Moscow Polytechnic University

 

Doctor of Philology, Professor of Linguistics, Editing and Research Groups leader, at the

Moscow Polytechnic University (department of Russian Linguistics and Literary History). He has taught as Visiting Professor and given guest lectures and research seminars at numerous universities and conferences around the world. He has written more than 100 scientific publications and a unique linguistic monograph on the forms and functions of sound repetition in literary texts. He is the leader and main author of the Videotext digital project for genetic reading of texts, and the Phonotext project for automatic detecting of sound repetition structures in poetry, and the LSDR research project (Development of the electronic Live Stylistic Dictionary of Russian). He has initiated and organized several major international conferences on the methodology of Russian formalism, textual criticism, and literary transfer. His current research interests include poetics and semantics of text, phonostylistics of the text creation process, verse theory, and scholarly editing. He is a Member of The European Society for Textual Scholarship (ESTS), and the Commission of Genetic and Documentation Research into Literature by Polish Academy Sciences. Georgy is a leader of the famous Moscow poetic circle Polygraphomania. He has created the Poetica educational website, and has made guest appearances on Russian and Estonian Central TV.

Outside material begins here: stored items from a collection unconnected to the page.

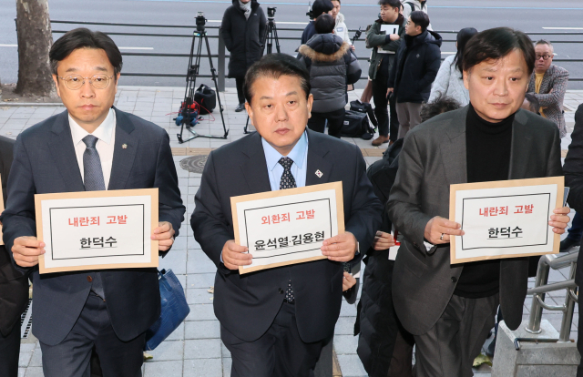 더불어민주당 김병주(가운데) 최고위원과 이용우(왼쪽)·이태형 법률위원장 등이 9일 서울 서대문구 경찰청 국가수사본부 앞에서 윤석열 대통령, 김용현 전 국방부 장관, 한덕수 국무총리 고발 기자회견을 마친 뒤 고발장 접수를 위해 이동하고 있다. 연합뉴스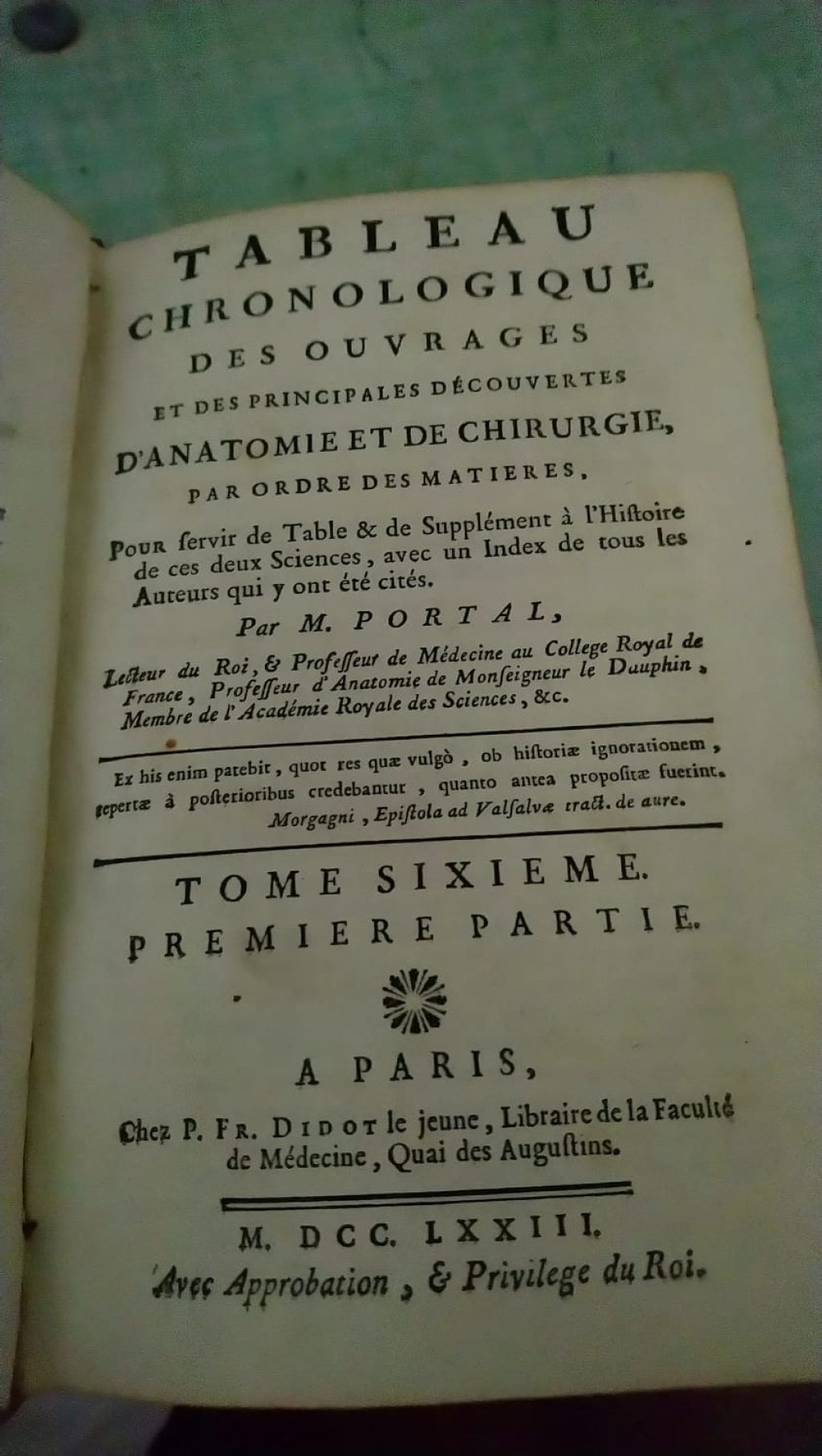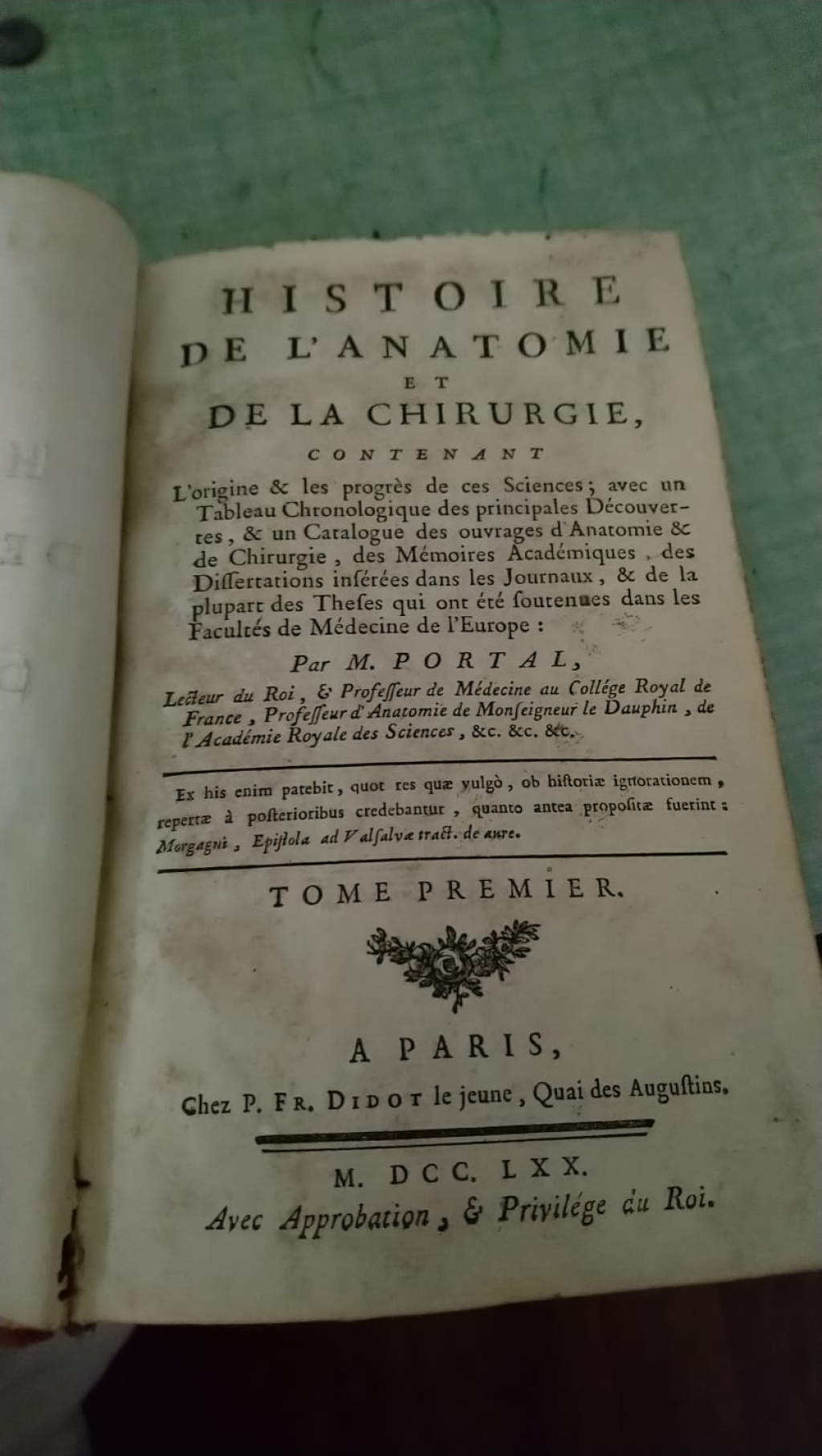 "PORTAL (lecteur du roi, professeur de médecine au collège royal de France, professeur d’anatomie de Monseigneur le Dauphin, de l’Académie royale des sciences, etc.), Histoire de l’anatomie et de la chirurgie, t. 1 à 6, Paris, P. Fr. Didot le jeune, MDCCLXX (1770) 6 volumes Les différents tomes sont dans des états variables, mais plutôt mal conservés : marques d'usure La collection est complète (6 tomes) Ils proviennent de la bibliothèque de mon grand-père, le Dr et anthropologue Fiz Antonio Fernandez. Je possède également d'autres ouvrages, plus ou moins ancien, en français, espagnol et un atlas italien (1890). Les états de conservation sont là aussi variables et plus ou moins bons. PRESCOTT William H., Histoire de la conquête du Mexique, avec un tableau préliminaire de l’ancienne civilisation mexicaine et la vie de Fernand Cortés, trad. PICHOT Amédée, Paris, Firmin Didot Frères, 1846. 1vol/3 Couverture décollée COLLECTIF, Nouvelle pratique médico-chirurgicale illustrée. Tome 7 : Pouls – Strophantus, Paris, Masson et Cie éditeurs, 1911 ROLLESTON Humphry, L’âge, la vie, la maladie, Paris, Gaston Doin et Cie, 1930 HERING C. (doctor), Medicina Homeopática Doméstica ó Guia De Las Familias, trad. ALVAREZ DE ARAUJO Y CUELLAR Angel, Madrid, Carlos Bailly-bailliere, 1875 Avec dédicace de Victor N. PENSA COLECTIV0, Biblioteca escojida de medicina y cirujia o coleccion de las mejores obras de esta ciencia, Madrid, imprenta de la viuda de Jordan e hijos, 1842 (3 volumes) CANGELOSI Antonio, Astrologia contemporanea (bases), Bahia Blanca, Martinez y Rodriguez, 1965 SCHWABE Willmar, Tratado de terapeutica homeopatica, trad. PAZ ALVAREZ , Leipzig.. 1885. Holandesa. Imp. Breitkopf & Haertel. XVI+1283Pág+XII. 23X15. 2 vol (1 Obra). Ref A 2. HUMBOLDT (de) Alejandro, Cosmos o ensayo de una descrption fisica del mundo, trad. DIAZ QUINTERO Francisco, Madrid, Ramon Rodriguez de Rivera, 1851, T. 1. RAMACHARAKA, Catorce lecciones sobre filosofia yogi y ocultismo oriental, Buenos Aires, Centro de publicaciones yogis, 1907, Primer curso, vol. 1 ESPANET Alexis, La practica de la homeopatia simplificada, trad. ALMATO Salvio, Barcelona, Libreria de Roig hermanos, 1875 PICATOSTE Felipe, Las frases celebres. Estudio sobre la frase en religion, ciencias, literatura, historia y politica, Madrid, G. Estrada, 1881 (2nd ed.) SPRUNER (di), Atlante storico geografico, Gotha, Giusto Perthes, 1890"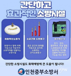 [FPN 정재우 기자] = 인천중부소방서(서장 김현)는 겨울철 화재 예방과 화재 초기 대응 강화를 위해 소공간용 소화용구, 자동확산소화기, 아크차단기 설치를 홍보한다고 23일 밝혔다.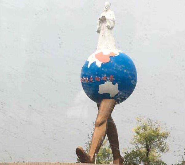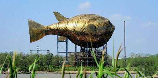 这个雕塑小编没有查到它具体在哪里,但是它的雕塑却真的是大大的写实。因为整个雕像可以说是点题符合名字的超级典范。中医,走向,世界这三个词分别用极具代表性的元素表示出来之后,做了简单的上下结构的拼合。于是就出现了,洞穿地球的两条大粗腿行走装的雕像。设计出来这个雕像的人可能自己都没法理解为什么甲方会允许这种东西制作出来,丝毫没有中医的专业和中国特色。第四个建筑:江苏极端写实主义建筑河豚塔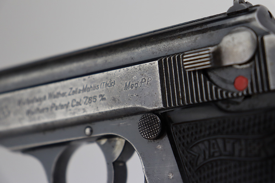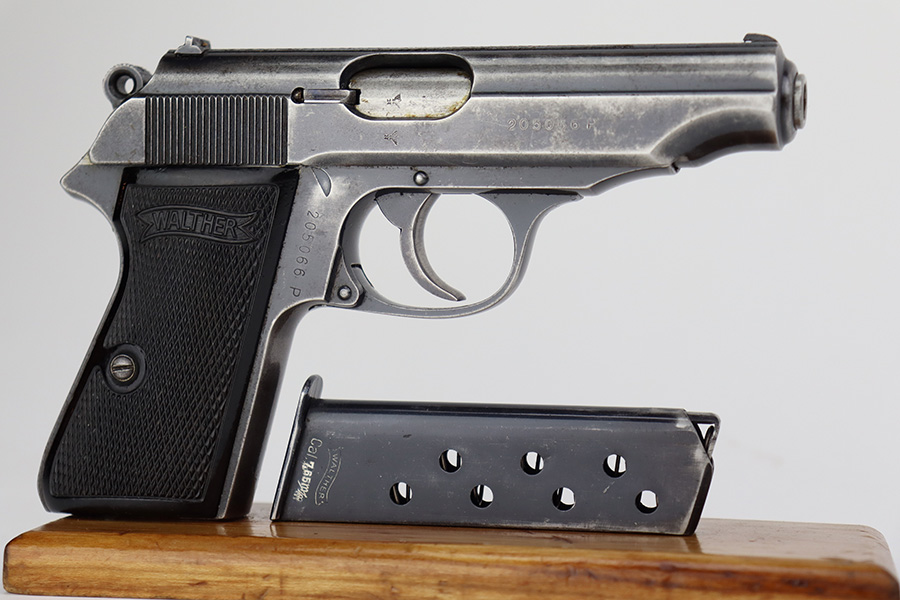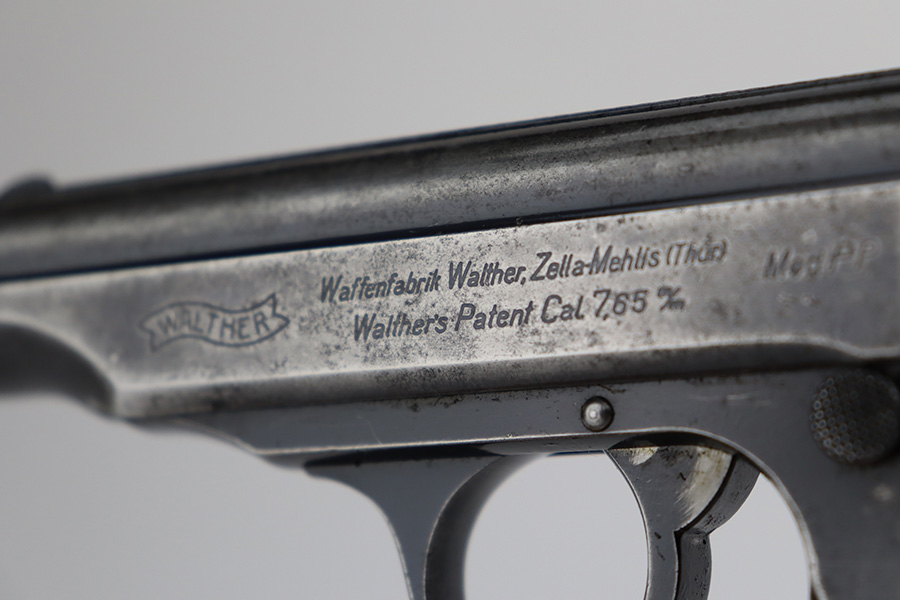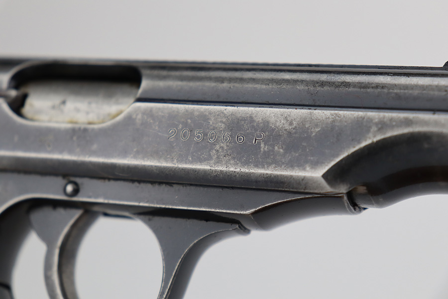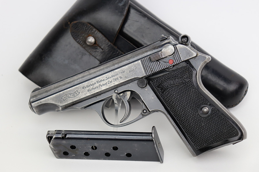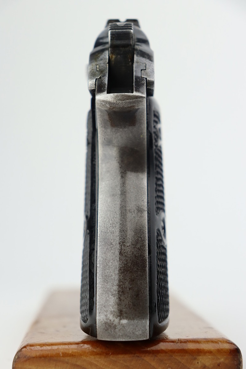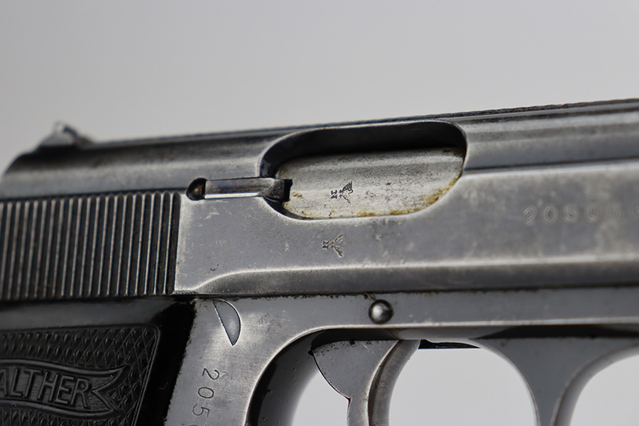 8/18/23 – This is a Walther PP that was issued to the SS in 1940. It is all matching, in a serial number block of other SS-issued guns, and has a properly numbered slide. It comes as a rig with an black leather SS holster (with black stitching) and a numbered but mismatched SS magazine in the same serial range. The top stitching on the holster belt loop has been replaced. The caliber designation on the magazine has a neat factory over-stamp it was originally labeled 9mm but changed to 7.65mm. The gun itself has lost most of its original high polish with obvious wear throughout. Areas of pin-pricking on the slide and on the grip straps. Fitted with nice period-correct black bakelite grips – small chip along the top edge of the left panel. The bore has good rifling, but there is minor frosting throughout. De-cocker is not functional.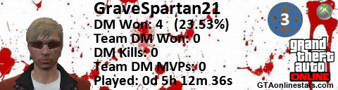 [URL=http://GTAonlinestats.com/showplayer/GraveSpartan21/2][IMG]http://GTAonlinestats.com/dmsignature/GraveSpartan21/2/sig.png[/IMG][/URL]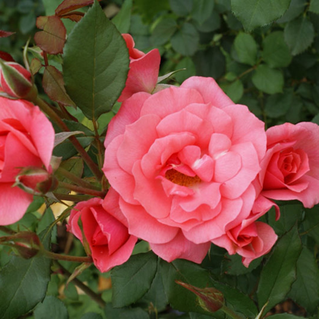 Al 35 jaar lang produceert deze fraaie, betrouwbare snijroos koraalroze bloemen met een voortreffelijke frisse geur. Hij bloeit al vroeg in het seizoen en heeft middengroen blad. Plant 3 rozen per m2.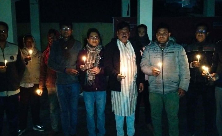 ধর্ম অবমাননার মিথ্যা অযুহাতে ময়মনসিংহের ভলুকায় দীপু চন্দ্র দাসের নৃশংস হত্যাকারীদের ফাঁসির দাবিতে ঈশ্বরদী শ্রী শ্রী কর্মকার পাড়া মাতৃ মন্দিরে প্রাঙ্গণে জাতীয় হিন্দু মহাজোট লাইট শার্ট ডাউন পালন করে।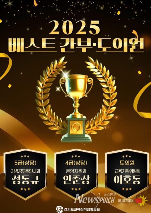 뉴스펀치 김길룡 기자 | 경기도교육청 직장협의회는 소통과 협력을 기반으로 한 조직문화 정착과 활기찬 직장 분위기 조성을 위해 '2025년 베스트 간부 및 경기도의원'을 선정했다고 12월 30일 밝혔다.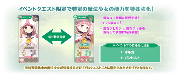 対象の魔法少女を編成して本イベントクエストをプレイする際に、ステータスを特殊な状態に強化することができます。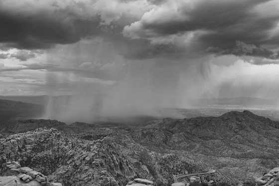 Monsoon storm develops over the windy point rest stop in the Santa Catalina mountains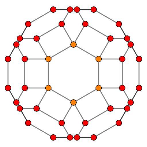 Keywords: 3-cube t012.svg en Cube family graph in B3 en Coxeter plane own 10/9/10 self Set of colored Coxeter plane graphs; 42 vertices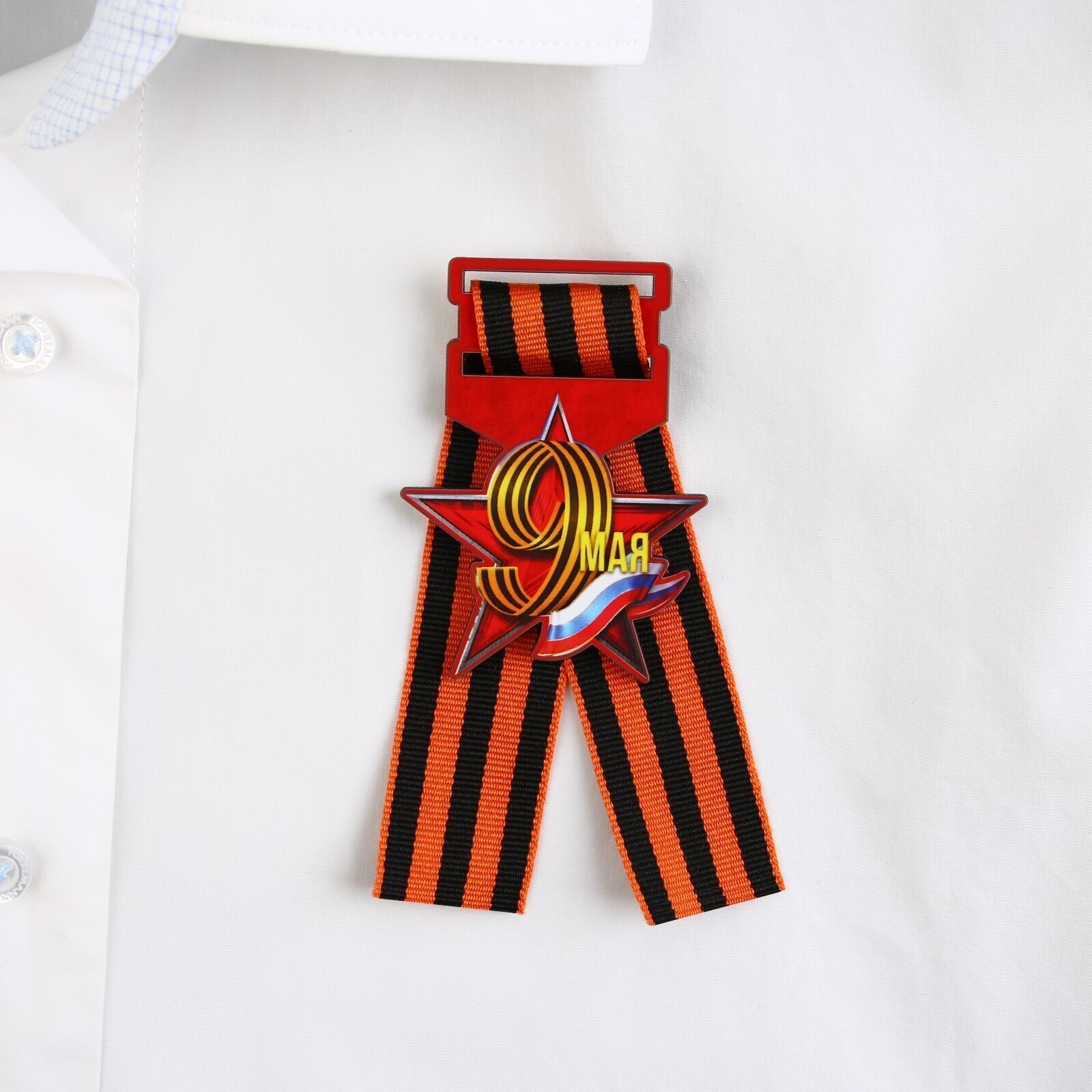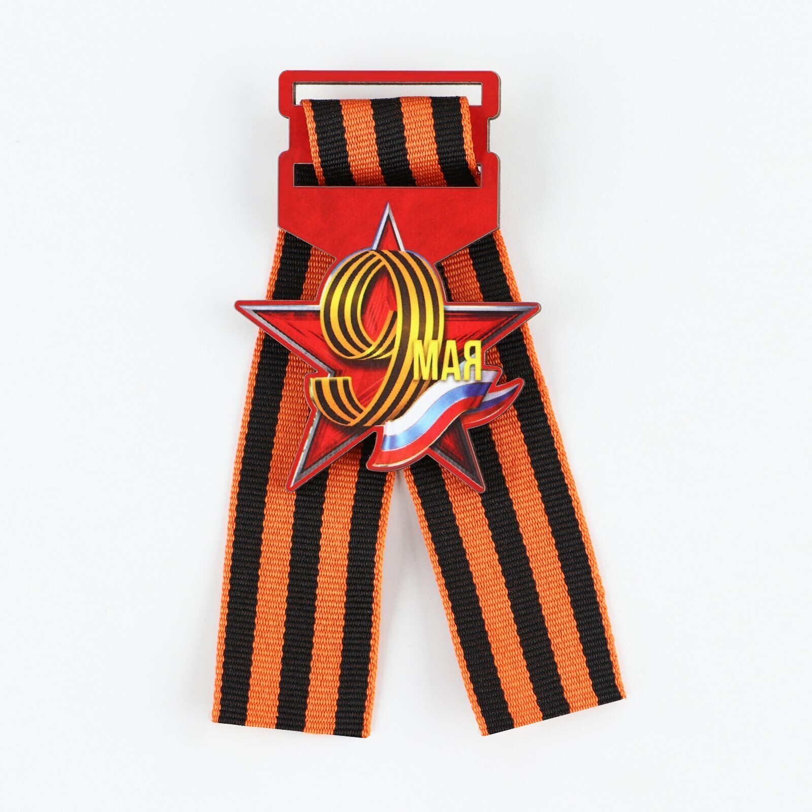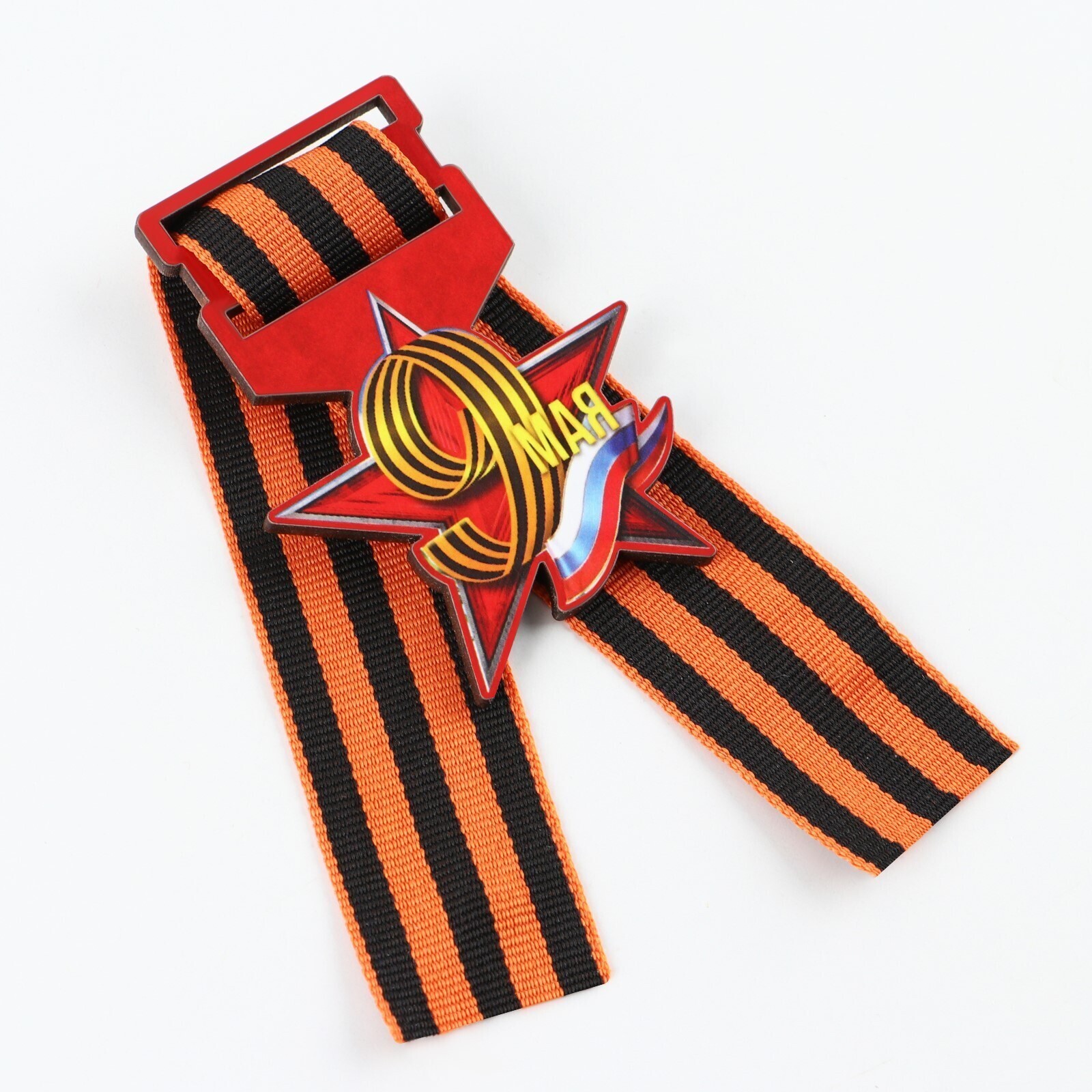 Значок с георгиевской лентой «9 мая, флаг рф», дерево, 4,6 х 5,7 см

National Academy of Sciences of Ukraine. (Taras Shevchenko Institute of Literature)

Dmytro Yesypenko is Research Associate at the Taras Shevchenko Institute of Literature, National Academy of Sciences of Ukraine. The area of his research specialization and interests includes issues of textual scholarship and scholarly editing (digital editing as well), book history, Ukrainian historical and literary process of the 19th and early 20th centuries and more broadly Slavic studies and digital humanities.

Dmytro is the author of a monograph Borys Hrinchenko’s Novelettes ”Sered temnoi nochi” and ”Pid Tykhymy Verbamy”: History of Texts and Texts in History (Kyiv, 2015). Нe edited  a collection Borys Hrinchenko’s prose works (Kyiv, 2020) and volume Cossacks in Jamaica, Ukraine at the Antipodes: Essays in Honor of Marko Pavlyshyn (Boston, 2020; jointly with  Alessandro Achilli and Serhy Yekelchyk). In the years 2012-2020 Dr Yesypenko participated in several research projects funded by Ukrainian, Australian, Slovak and European research councils. Previously he also worked as adjunct and visiting research fellow at Monash University in 2017-2018, and as archivist at the Taras Shevchenko Institute of Literature in 2009-2011.

Peng YI is professor in the Department of English, National Central University at Jhongli, Taiwan. His doctoral thesis is on Edmund Spenser and theories of allegory. He has published articles on the modern manuscripts of modern Chinese writers such as Lu Xun, Wang Wen-hsing, Zhou Mengdie and Gao Songfen mainly from the perspective of genetic criticism. His publications include a book in Chinese on modern manuscript studies. He has also edited and co-edited two special issues in Chinese on genetic criticism. He is currently working on the intersection between modern manuscripts in Chinese and those of modern writers from Rousseau, Dickinson, Steinbeck, Nabokov and Benjamin.